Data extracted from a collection
***
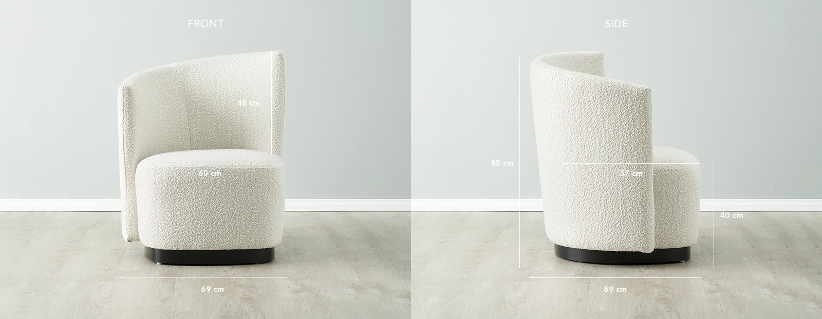 Upholstered in soft cream Boucle fabric, the Reina offers a dense foam-padded seat for ultimate comfort. Its black metal base provides stability and striking contrast, making it perfect to pair with its right and left apex variants.
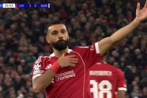 比賽第50分鐘,利物浦任意球索博斯洛伊一踩,薩拉赫左腳轟出世界波,打進(jìn)非洲杯結(jié)束歸隊(duì)后首球,拍胸口利物浦隊(duì)徽慶祝!場(chǎng)上比分利物浦3-0卡拉巴赫。
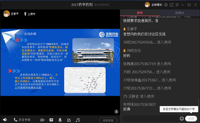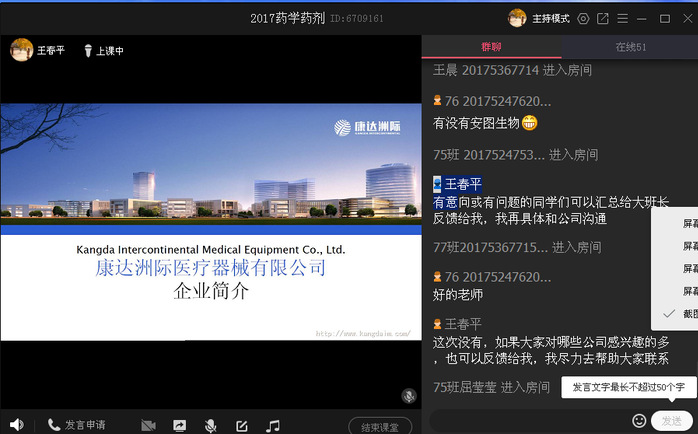 河南君和实业股份集团负责人通过腾讯会议的形式对自己的公司做了介绍,对今年的人才需求、用人要求、简历投递方式等方面做了详细讲解,并在讨论区和同学进行了积极的互动交流;南京圣和药业有限公司、华润河南医药、阿斯利康、康达洲际医疗器械有限公司等几家企业,在和书院就业专干王春平老师深入沟通之后将自己的校招PPT发给王春平老师,由王春平老师给学生做宣传和讲解,王春平老师根据他们的用人需求,分别在11月26和27日通过群课堂的形式对2021届药学毕业生,对各企业的情况、用人需求和要求、薪资待遇、简历投递等方面结合PPT和自己掌握的信息进行了详细的讲解,并就讨论区同学的问题进行了一一回复。
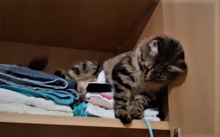 She’s an enthusiastic, playful, adorably curious, and stubborn kitten. Occasionally, her last attribute could get the best of me.
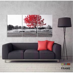Quadros Decorativos Arvore Vermelho Botanico Sala 120x60 3 p
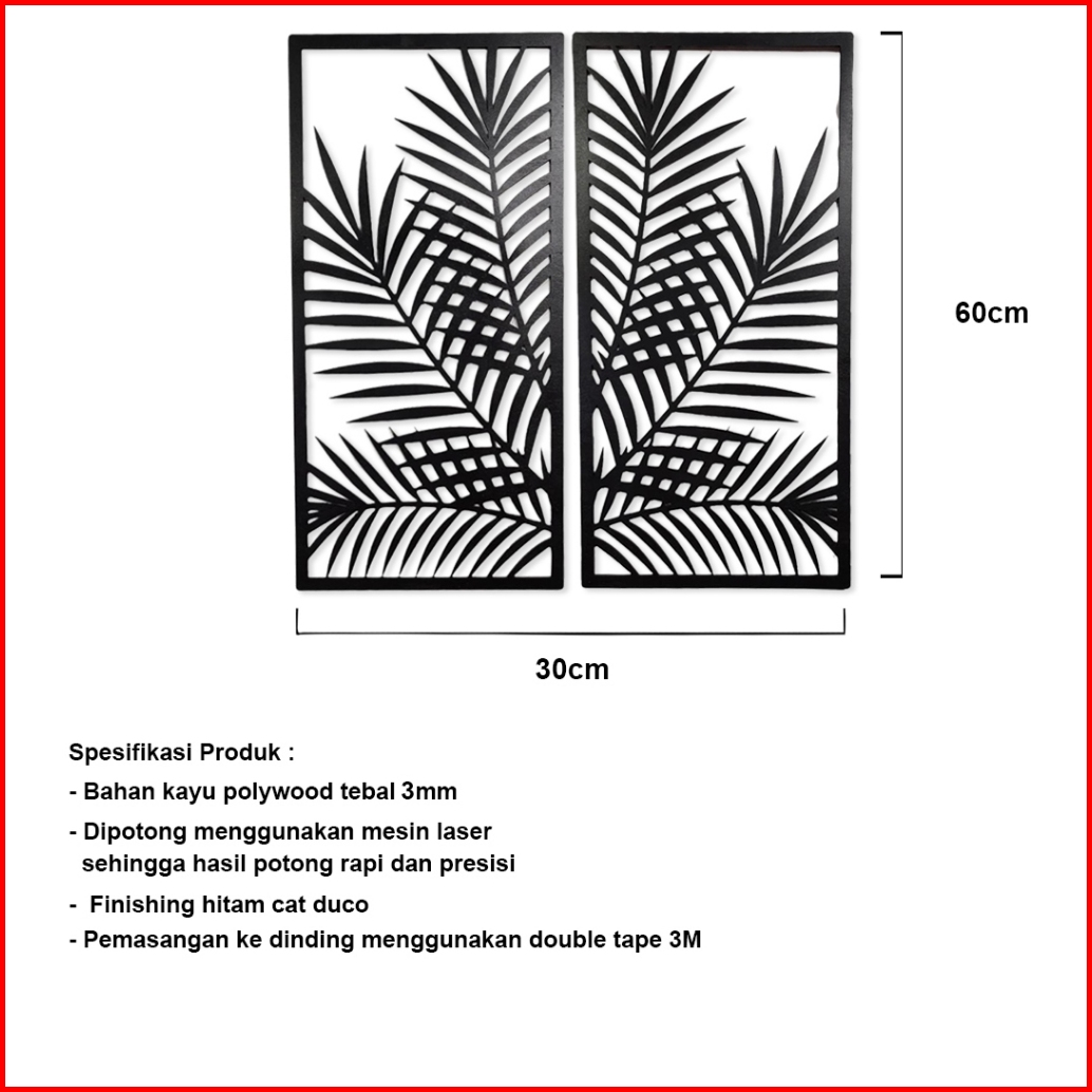 Hiasan Dinding Kayu Laser Cut Motif Daun Bambu Hitam I Walldecor Ruang Tamu Aesthetic Minimalis Ctkaa10
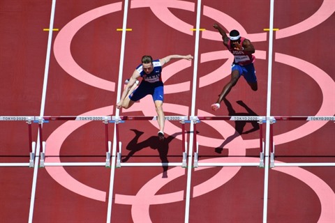 | Le Norvégien Karsten Warholm devance l'Américain Rai Benjamin lors de la finale du 400m haies, le 3 août 2021 aux Jeux olympiques de Tokyo. |
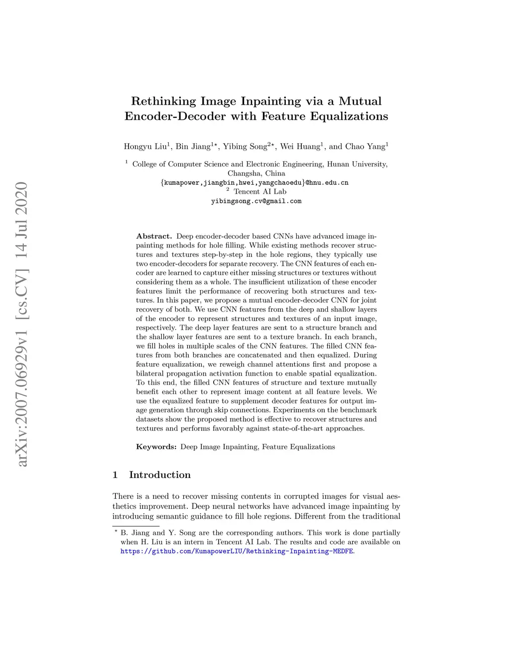 Rethinking Image Inpainting via a Mutual Encoder-Decoder with Feature
***
_HOW TO COMPLETE THIS TASK_: Give back each entry exactly as it appears, with no pictures.

_EXERCISE SOLUTION_:
 Upholstered in soft cream Boucle fabric, the Reina offers a dense foam-padded seat for ultimate comfort. Its black metal base provides stability and striking contrast, making it perfect to pair with its right and left apex variants.
 比賽第50分鐘,利物浦任意球索博斯洛伊一踩,薩拉赫左腳轟出世界波,打進(jìn)非洲杯結(jié)束歸隊(duì)后首球,拍胸口利物浦隊(duì)徽慶祝!場(chǎng)上比分利物浦3-0卡拉巴赫。
 河南君和实业股份集团负责人通过腾讯会议的形式对自己的公司做了介绍,对今年的人才需求、用人要求、简历投递方式等方面做了详细讲解,并在讨论区和同学进行了积极的互动交流;南京圣和药业有限公司、华润河南医药、阿斯利康、康达洲际医疗器械有限公司等几家企业,在和书院就业专干王春平老师深入沟通之后将自己的校招PPT发给王春平老师,由王春平老师给学生做宣传和讲解,王春平老师根据他们的用人需求,分别在11月26和27日通过群课堂的形式对2021届药学毕业生,对各企业的情况、用人需求和要求、薪资待遇、简历投递等方面结合PPT和自己掌握的信息进行了详细的讲解,并就讨论区同学的问题进行了一一回复。
 She’s an enthusiastic, playful, adorably curious, and stubborn kitten. Occasionally, her last attribute could get the best of me.
Quadros Decorativos Arvore Vermelho Botanico Sala 120x60 3 p
 Hiasan Dinding Kayu Laser Cut Motif Daun Bambu Hitam I Walldecor Ruang Tamu Aesthetic Minimalis Ctkaa10
 | Le Norvégien Karsten Warholm devance l'Américain Rai Benjamin lors de la finale du 400m haies, le 3 août 2021 aux Jeux olympiques de Tokyo. |
 Rethinking Image Inpainting via a Mutual Encoder-Decoder with Feature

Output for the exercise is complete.